Тибор Хегедюш молча налил себе, хотя и в самом деле не любил пить. С нескрываемым отвращением он проглотил вино.
— Фараго, сколько у тебя людей? — спросил Чатаи, ставя рюмку на стол.
— Сорок пять, — ответил Фараго.
— Оружие есть у всех?
— Да.
— А у тебя, Хегедюш, сколько людей?
— У нас вчера вечером было около сотни.
— Но их необходимо объединить с другими группами, — включился в разговор Варга. — Я беру на себя созыв совещания. Нужно обязательно установить связь с другими группами, сражающимися в Буде и Пеште.
— Поймите же, наконец, — сердито перебил Чатаи, — сейчас нужно не совещаться, а действовать. Если мы удержим инициативу, то победим, потому что будем хозяевами положения. Пусть какая-нибудь одна хорошо организованная боевая группа целеустремленно и последовательно выполнит свою задачу, и остальные группы последуют ее примеру.
— Но послушай, Карой, твой план в военном отношении чрезвычайно рискованный, — высказал сомнение Фараго.
— Это только кажется. На самом деле он вполне реален. Неужели ты не понимаешь, о чем я говорю? Нельзя же сбрасывать со счетов такие вещи, как беспорядки в городе.
— В этом мы с тобой согласны, — сказал Фараго.

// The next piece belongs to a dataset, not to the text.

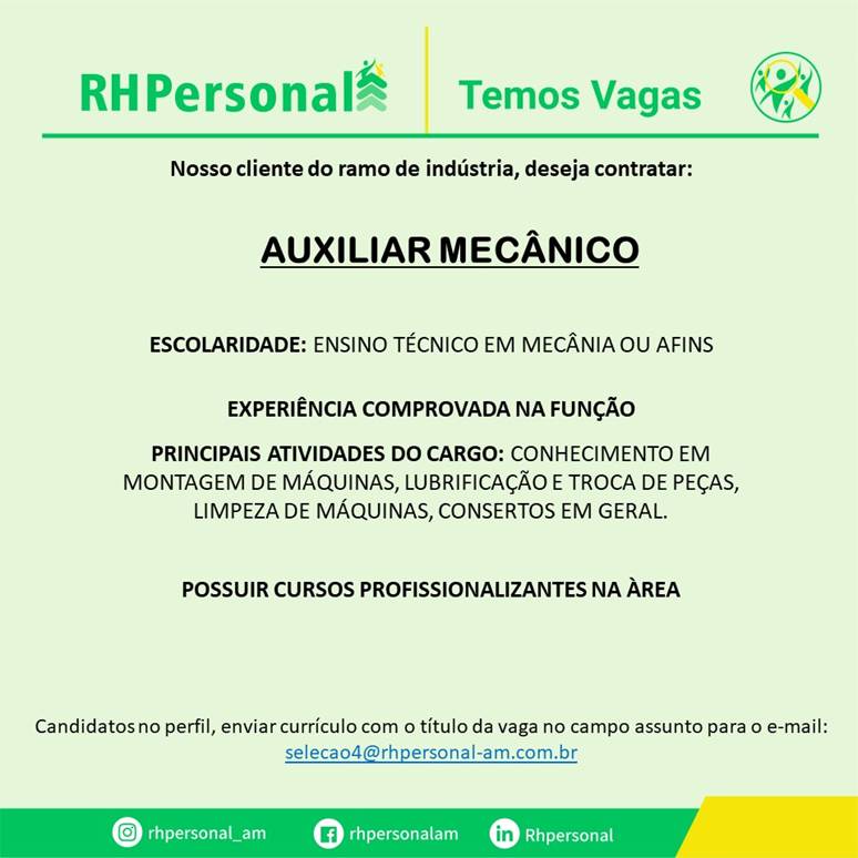 Mais informações sobre a vaga, somente por e-mail com os contratantes. Boa sorte !!!🍀

— Правительство не имеет представления, какими силами располагают восставшие. Поскольку удалось подбить и кое-кого из рабочих взяться за оружие, оно не решится послать оружие на заводы. Ясно?
— Да.
— Ну, а теперь о самом главном, решающем для нашей победы — о расколе среди руководителей партии, о раздорах между ними. В эту щель мы и должны пролезть. Этим надо воспользоваться. Если они договорятся друг с другом — конец. Нам придется снова ждать неизвестно сколько.
— Все это так, — начал было Фараго, но Чатаи резко оборвал его:
— Погоди, дай закончить… У руководителей партии нет единого мнения об оценке событий. Как ты думаешь, за какой срок подавили бы такое восстание, скажем, в сороковом году?
— За двенадцать часов, — уверенно ответил Фараго.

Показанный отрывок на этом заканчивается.